With the playoffs, it’s a new world in college football. It’s time to think outside the box a bit. This year is the perfect year to discuss it, because we almost already have it. Lacking catchy titles named after fruit and flowers, we have a lot of great match-ups week one. Alabama vs. USC could be a Rose Bowl match up. Clemson vs. Auburn, LSU vs. Wisconsin and Kansas State vs. Stanford almost seem like rematches of bowl games from years gone by. Let’s just make it official. It doesn’t mean we have to stop playing the New Year’s bowls, but we could limit it to teams with winning records.
Lots of Options
There are a variety of scheduling options to choose from. The old way, where the bowl committee invites teams they think will generate buzz would be great. There could be a way to include the preseason AP poll, and slot set match-ups every year. My preferred option would be incorporating it into the playoff system. Guarantee the big 5 conference champs are playoff bound, and then have 3 at large spots for an 8 game playoff. That way no one gets butt hurt too bad by losing opening weekend in a clash of titans. No seasons ruined week one. The Big Bowls and their money could still get the key games early, thus a diminished New Year’s Rose Bowl of number 9 vs 13 isn’t so costly.
Conference Show Down
As I said, it’s a changing world. When I was a kid, no one cared how conferences fared. The joke here was I am a fan of Ohio State and whoever is playing Michigan. As recently as 2007, Buckeye fans cheered like the Super Bowl when Michigan lost to Appalachian State. I remember my dad turning beet red in the face, trying to explain that non conference losses to Big Ten schools cost the Buckeyes. The listener would nod for ten minutes as he tried to make his point, and then go back to the old joke. Well, now everyone roots for their conference. Why not settle it on the field?
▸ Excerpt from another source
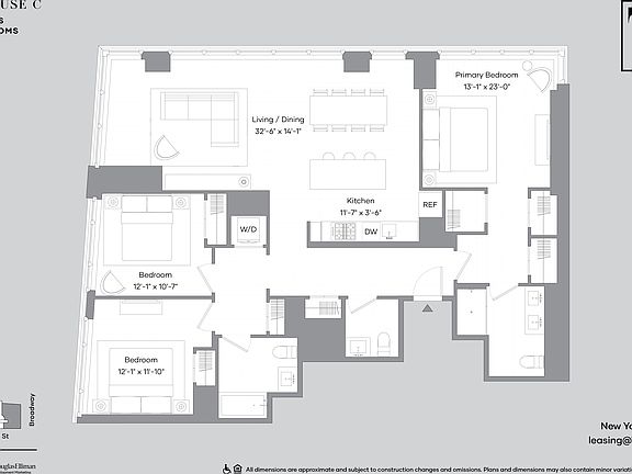 Corner 3 bedroom/2.5 baths with built-in kitchen island and wine refrigerator. Expansive views of the Manhattan Bridge.

There are two ways it could be done. First, individual rotating head to head match-ups. A committee or the AP would rank each team in a conference, and then just play them based on seed. A point system could be implemented to weight the higher seed games a little more, but who wouldn’t tune into an Indiana vs Vandy match-up if the honor of the Big Ten and SEC was at stake? For the 6th conference, you could just use the non power 5 and the independents. The other option would be to compete the conferences in a point based challenge, with the number 1 from the Big Ten playing the number 1 from the SEC, then the number 2 from the Big Ten against the Pac 12 and so on. A rotation every year to insure different match-ups would be preferred, and a lot of math, which is why I am championing the head to head battles. A nice bonus to the latter plan, however, is the playoffs could be seeded based on the finish of the conferences, with the higher seed actually hosting a playoff came. It would give the “play in the snow” crowd what they want, plus let towns generate money that normally wouldn’t get to do so. Imagine the economic boost to Happy Valley if Penn State made the playoffs. Of course if the powers that be are worried about being able to handle the load of some of these smaller towns, the home field a venue could be of the conference’s choice, like Atlanta for the SEC.
The third option would be to do both, one at the beginning of the year, and one at the end, and just kill a lot of the meaningless regular season games at the beginning of the year. Before the first bowl weekend, you could have an exhibition game to give teams a chance to tune up before the season, and the smaller schools their paycheck. You could also do a smaller version of the conference bowl challenge at the end of the year(like Thanksgiving Day Weekend), with possibly the champ putting their team into the playoffs or some such thing.
It’s something to think about. Just don’t ask the wife, because I am sure she would say no.